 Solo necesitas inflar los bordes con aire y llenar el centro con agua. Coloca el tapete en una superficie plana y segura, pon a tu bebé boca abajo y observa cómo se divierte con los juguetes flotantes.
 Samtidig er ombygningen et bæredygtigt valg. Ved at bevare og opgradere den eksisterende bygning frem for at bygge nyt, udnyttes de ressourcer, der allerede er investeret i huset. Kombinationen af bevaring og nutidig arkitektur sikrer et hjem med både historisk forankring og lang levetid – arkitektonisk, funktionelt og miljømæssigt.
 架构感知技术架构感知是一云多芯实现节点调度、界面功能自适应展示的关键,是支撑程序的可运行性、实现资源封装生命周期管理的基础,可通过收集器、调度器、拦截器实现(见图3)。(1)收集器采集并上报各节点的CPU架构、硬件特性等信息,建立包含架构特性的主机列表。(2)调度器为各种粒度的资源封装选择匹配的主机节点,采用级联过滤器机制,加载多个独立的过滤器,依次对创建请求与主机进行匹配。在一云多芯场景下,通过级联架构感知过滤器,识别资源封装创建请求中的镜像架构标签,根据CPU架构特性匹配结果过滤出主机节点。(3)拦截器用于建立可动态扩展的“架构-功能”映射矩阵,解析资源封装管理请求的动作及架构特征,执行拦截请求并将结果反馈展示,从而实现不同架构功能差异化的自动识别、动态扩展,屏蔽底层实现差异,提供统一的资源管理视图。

---+---

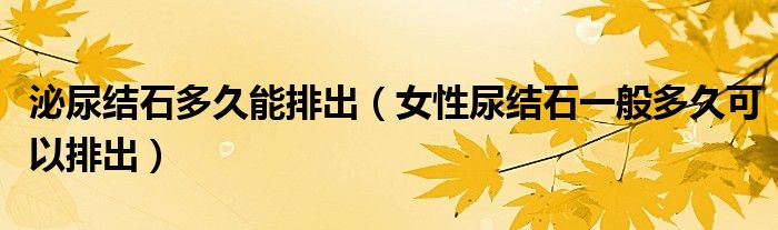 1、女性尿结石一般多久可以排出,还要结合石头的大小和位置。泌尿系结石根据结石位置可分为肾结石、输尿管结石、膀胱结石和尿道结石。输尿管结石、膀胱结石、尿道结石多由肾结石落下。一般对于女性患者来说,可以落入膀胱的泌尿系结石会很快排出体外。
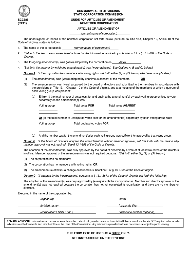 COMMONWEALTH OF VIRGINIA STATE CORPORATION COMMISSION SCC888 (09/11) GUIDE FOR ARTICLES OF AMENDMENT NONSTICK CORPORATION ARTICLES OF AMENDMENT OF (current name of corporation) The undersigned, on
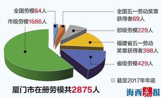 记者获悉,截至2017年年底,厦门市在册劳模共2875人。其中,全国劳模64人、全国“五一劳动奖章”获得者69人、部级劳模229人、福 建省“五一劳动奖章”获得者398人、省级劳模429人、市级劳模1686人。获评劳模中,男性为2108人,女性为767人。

---+---

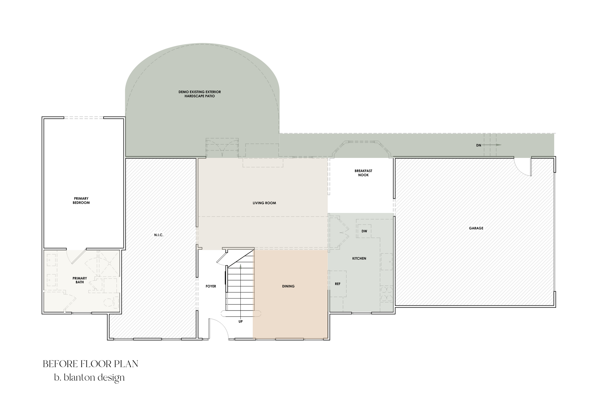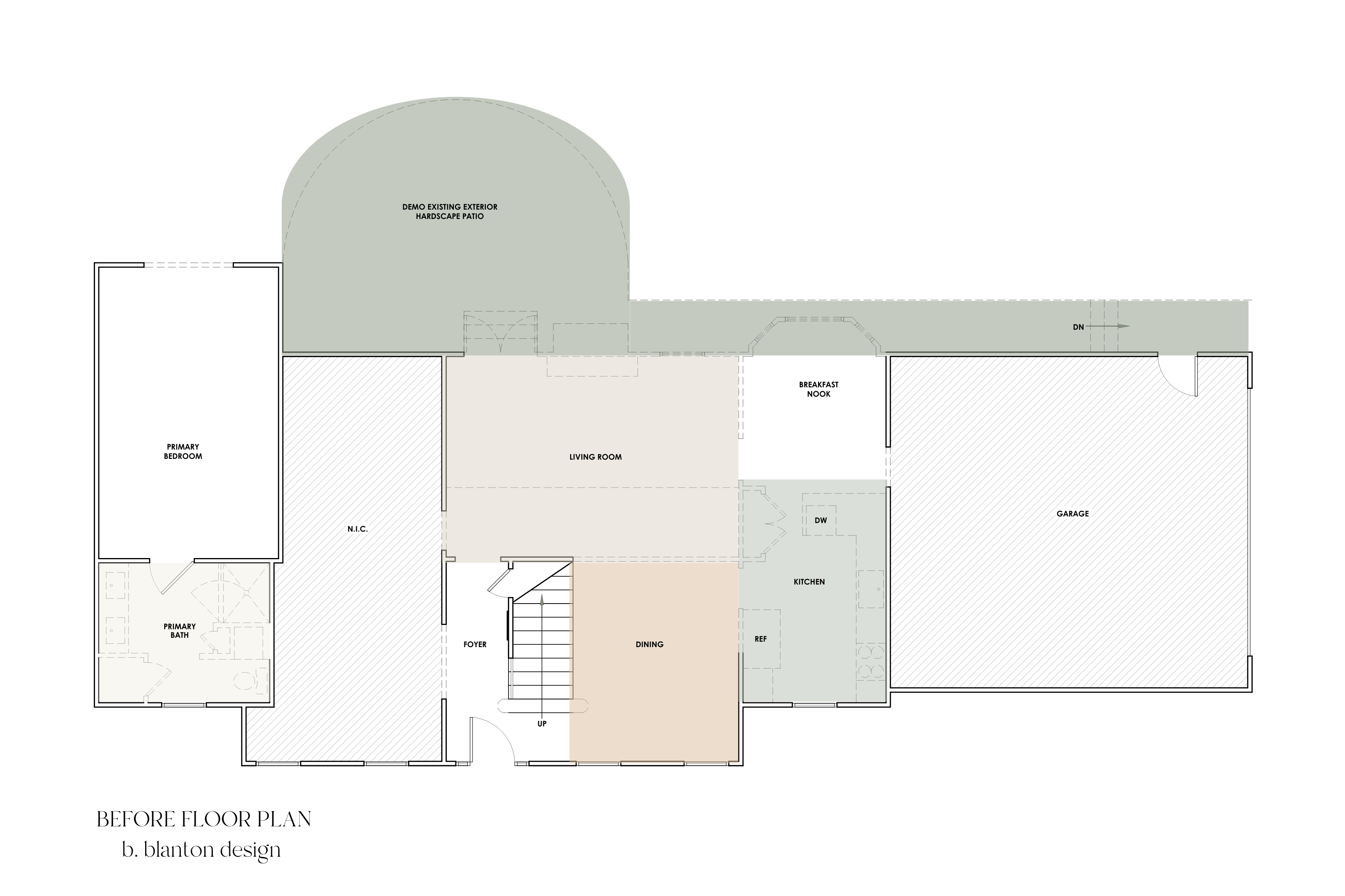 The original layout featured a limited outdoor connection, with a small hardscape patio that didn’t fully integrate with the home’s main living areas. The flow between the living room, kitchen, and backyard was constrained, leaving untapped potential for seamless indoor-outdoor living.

---+---

*YOUR INSTRUCTIONS*: Exactly the lines above from the one with "Solo necesitas inflar" to the one with "Samtidig er ombygningen", both included, are to be quoted; leave the rest out.

*TASK OUTPUT*:
 Solo necesitas inflar los bordes con aire y llenar el centro con agua. Coloca el tapete en una superficie plana y segura, pon a tu bebé boca abajo y observa cómo se divierte con los juguetes flotantes.
 Samtidig er ombygningen et bæredygtigt valg. Ved at bevare og opgradere den eksisterende bygning frem for at bygge nyt, udnyttes de ressourcer, der allerede er investeret i huset. Kombinationen af bevaring og nutidig arkitektur sikrer et hjem med både historisk forankring og lang levetid – arkitektonisk, funktionelt og miljømæssigt.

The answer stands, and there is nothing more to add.